Serre Chevalier C'è chi scivola su, e chi giù. È la storia della vita, dello sport e del ciclismo. Al Tour è un continuo rimescolarsi di carte, di sentimenti che mutano come i giorni: oggi sei un leone, domani un gattino bagnato. Ieri il leone è stato Primoz Roglic, corridore sloveno, ex campione del salto con gli sci, che salta e danza piuttosto bene anche sui pedali: scivola in alto. Per lui prima vittoria della carriera al Tour, per la sua nazione, anche.
Poi c'è il nostro Fabio Aru, che scivola giù. Per il momento dal podio. Da secondo a quarto posto della generale, dopo aver vissuto ieri una giornata amara, difficile, che gli costa 31. Adesso Froome è sempre in giallo, con 27 di vantaggio su Uran e Bardet, 53 sul campione d'Italia.
E dire che eravamo tutti molto fiduciosi, anche perché Fabio lo era: queste sono le sue salite. Spesso va al Sestriere per trascorrere lunghi periodi di allenamento. Conosce il fascino e la leggenda di queste cime: Galibier e Izoard. Ma nel ciclismo conta la storia, ma ancor di più chi sa scriverla: non raccontarla. E alla fine Fabio non se la racconta, con il volto di chi ha speso molto per limitare i danni. «Ho perso e non posso essere contento - commenta a caldo il campione italiano -. Ma il Tour finisce domenica, e io non mi arrendo. C'è ancora l'Izoard, tappa non dura, di più. Io me la voglio giocare fino alla fine», taglia corto.
Ma facciamo un passo (pardon, una pedalata) indietro. La giornata, dopo solo 20 km ecco il primo colpo di scena: Marcel Kittel, il vincitore di cinque tappe, resta coinvolto in una caduta con Barguil e Cummings. Il tedesco in maglia verde prova a ripartire, ma non ce la fa ed è costretto al ritiro. Il leader della classifica a punti diventa così Michael Matthews.

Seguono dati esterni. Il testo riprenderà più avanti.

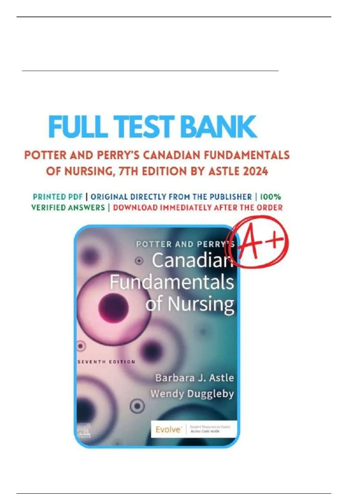 Test Bank For Potter and Perry's Canadian Fundamentals of Nursing, 7th Edition by Astle | 9780323870658 | |Chapter 1-49 |All Chapters with Answers and Rationals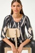 Roman Beige Brush Print Hanky Hem Stretch Tunic Top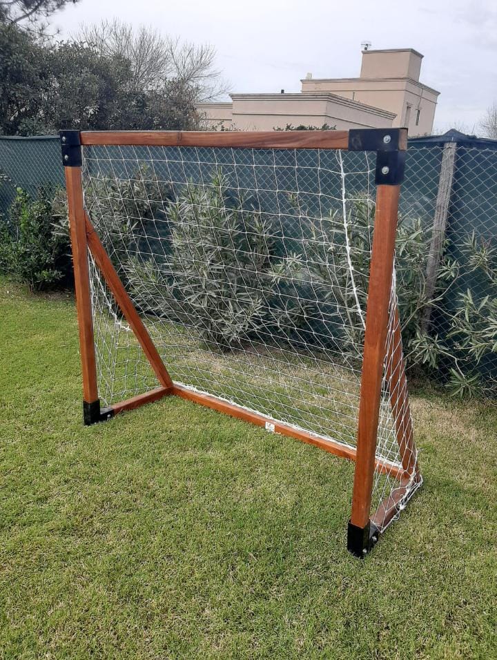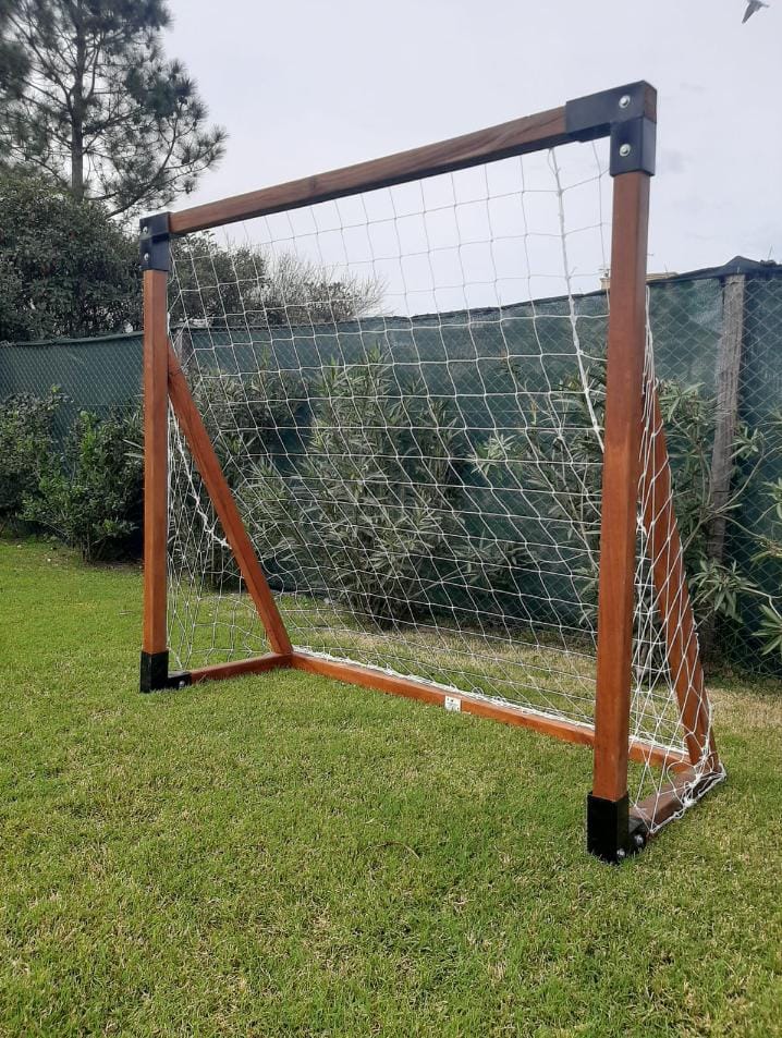 Arco de fútbol fabricado en madera dura o eucalyptus de 3×3″, con bordes biselados y caras cepilladas y lijadas. Pintado con 3 manos de Cetol Balance satinado color Caoba. Buloneria de 5/16″ galvanizada y 4 nudos de encastre frontales en hierro pintados a horno de color negro. Incluye red profesional de fútbol.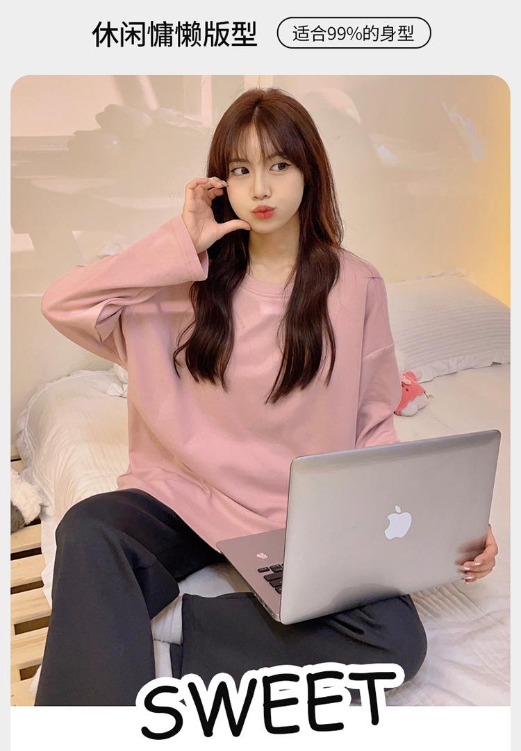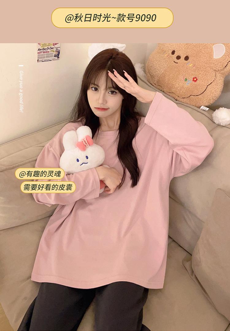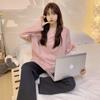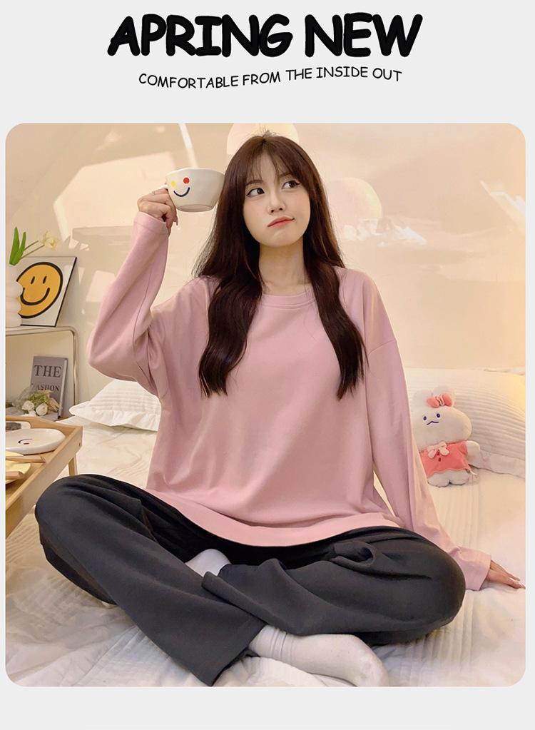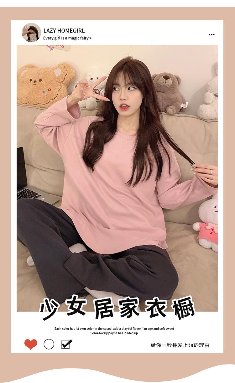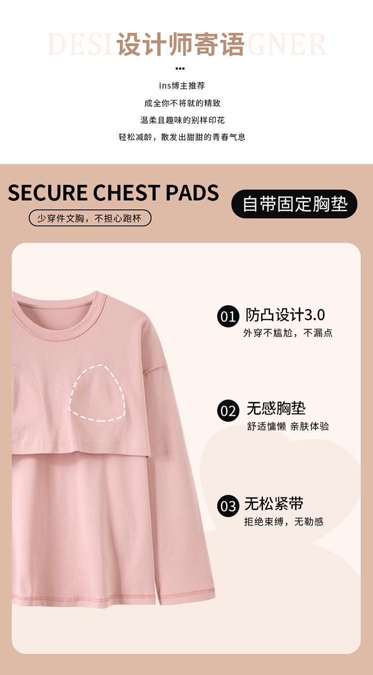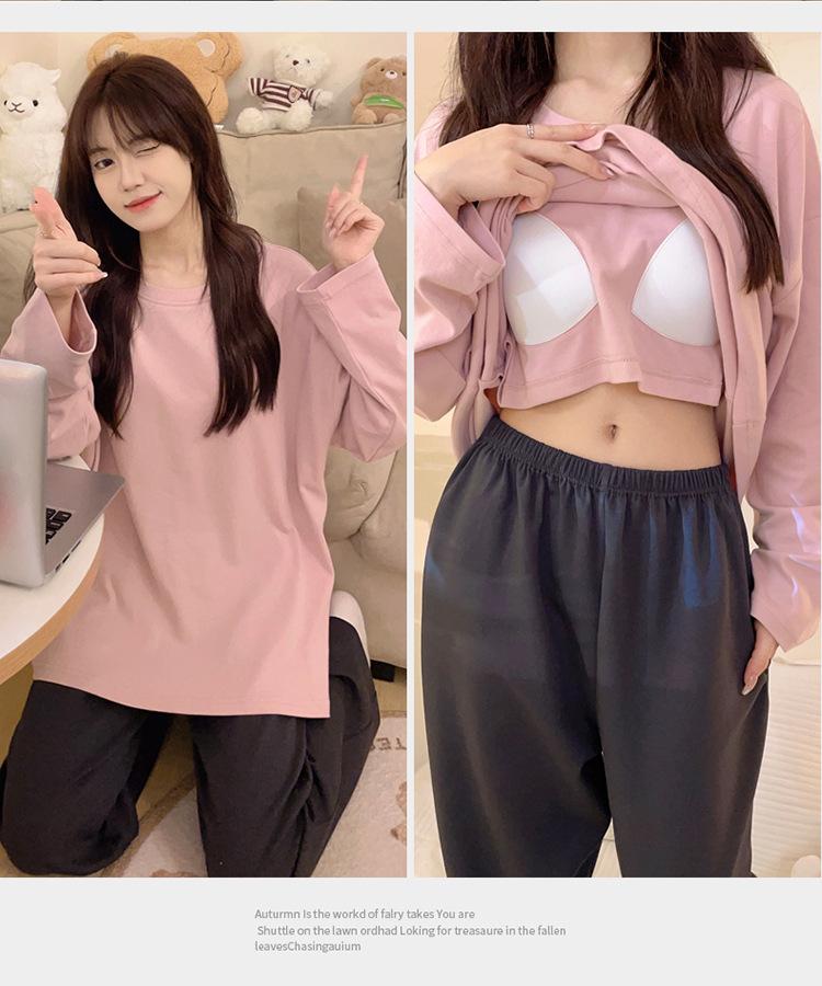 Pijama para mujer con almohadilla en el pecho, ropa de estar por casa para primavera y otoño, conjunto sencillo e informal para niña, traje de manga larga de algodón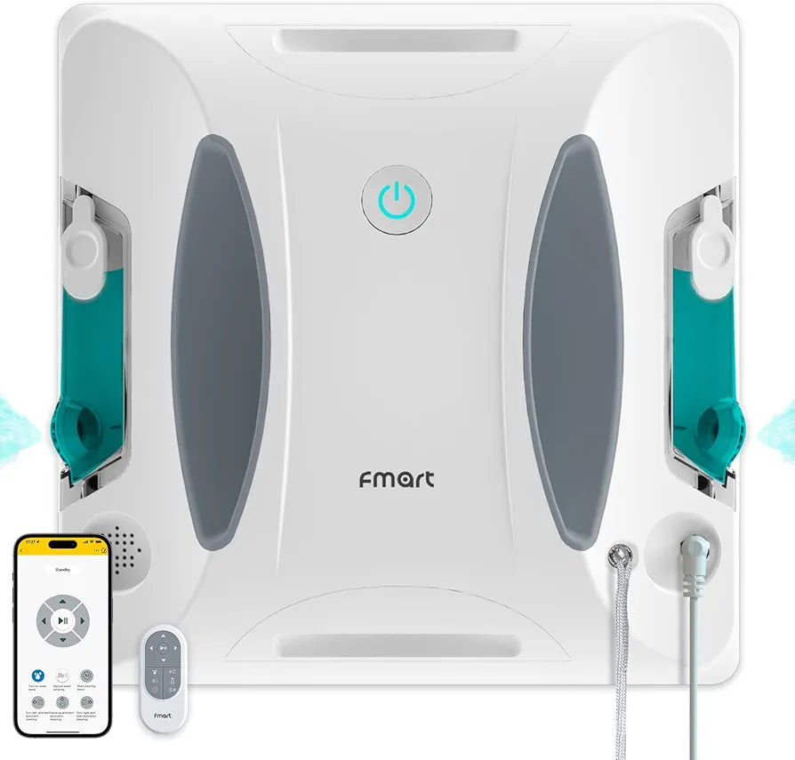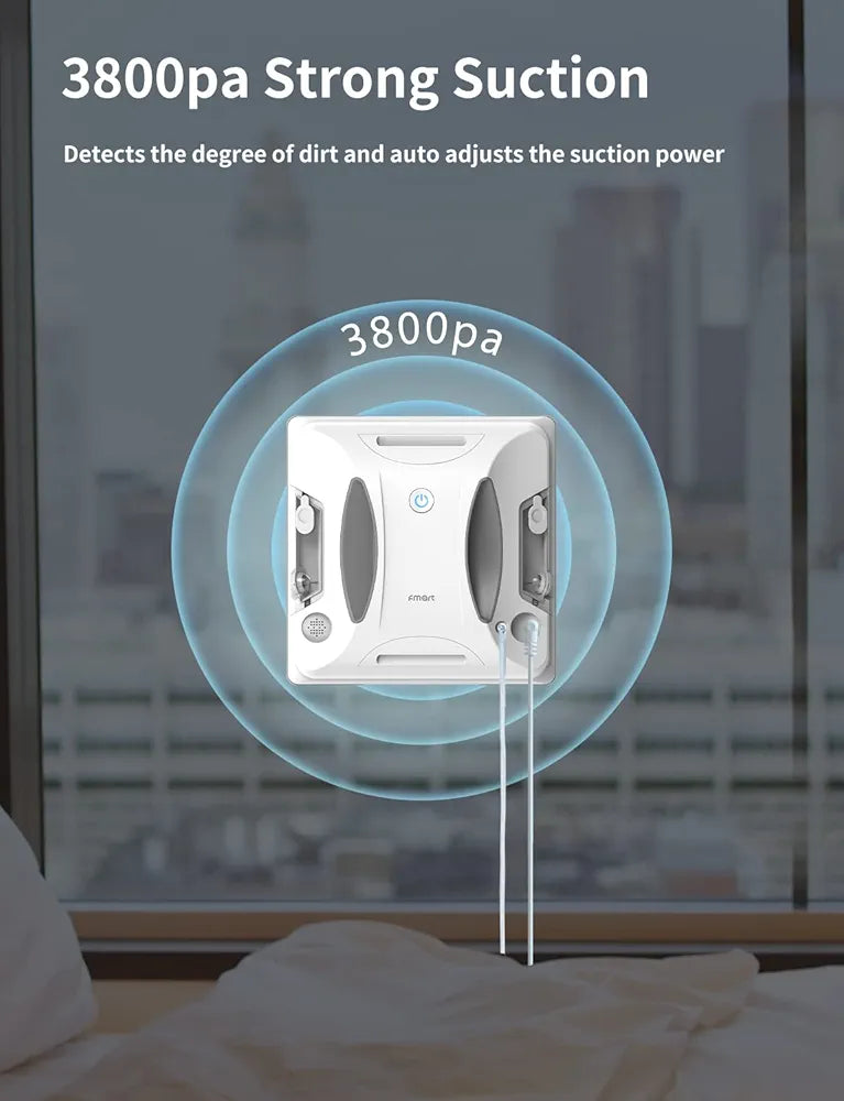 FMART W6 Robot de limpieza de ventanas, robot limpiador de ventanas automático de succión fuerte de 3800 Pa, rociador de agua de doble cara, control remoto de aplicación, adecuado para ventanas de gran altura al aire libre e interior.

Da Kittel a Contador: altro momento di grande suggestione. Sulle alte vette del Tour, sulle pendenze della Croix de Fer è lo spagnolo che prova a dare un senso alla sua corsa e parte da lontano, con Quintana. Il Pistolero sta bene, e scalpita come nei giorni migliori. Il colombiano non riesce a tenere il passo di Contador e si stacca subito. Alberto come una furia si riporta sui 24 fuggitivi, ma proprio all'attacco del Telegraphe è costretto a mettere piede a terra e a cambiare bici per un guasto meccanico, ma anche in questo caso Alberto torna come un falco sul gruppetto di testa.
Alle loro spalle, intanto, il dream-team della Sky rosola a fuoco alto il gruppo maglia gialla. Poi ancora Contador, che sul Galibier se ne va con Roglic, Pauwels, Atapuma, Navarro e Frank. Ma dove nel '98 spiccò il volo Marco Pantani questa volta è lo sloveno Roglic a fare il vuoto con apparente facilità. Trova la forza di involarsi tutto solo verso il traguardo transitando per primo ai 2646 metri del Souvenir Henri Desgrange, il punto più alto del Tour, mentre Contador cede e viene ripreso dal gruppetto di Froome.
Dopo Contador e Roglic, ecco il momento di Bardet. Il francesino scalpita. È il più convinto degli uomini di classifica e ci prova. Eccome che ci prova. Non una, ma tre volte. Tre attacchi decisi, uno di fila all'altro: a pagare, però, è solo il nostro Fabio Aru, che transita sul Galibier con una ventina di secondi di distacco da Froome, Bardet e Uran. E poi nella lunga picchiata verso Serre Chevalier, il sardo non trova collaborazione e vede il distacco lievitare fino a 31''. Una brutta botta.«Abbiamo perso una piccola battaglia, non la guerra», assicura Alexander Vinokourov, team-manager dell'Astana, la squadra kazaka di Aru.
Oggi c'è la cima-mito: l'Izoard.
L'ultima occasione per il nostro Fabio per provare a rimettere le cose apposto. Non deve guardare a quello che è stato, ma a quello che sarà. Guai soffermarsi su quello che è stato: non c'è domani. Se pensa a oggi, può rivedere Parigi: il podio.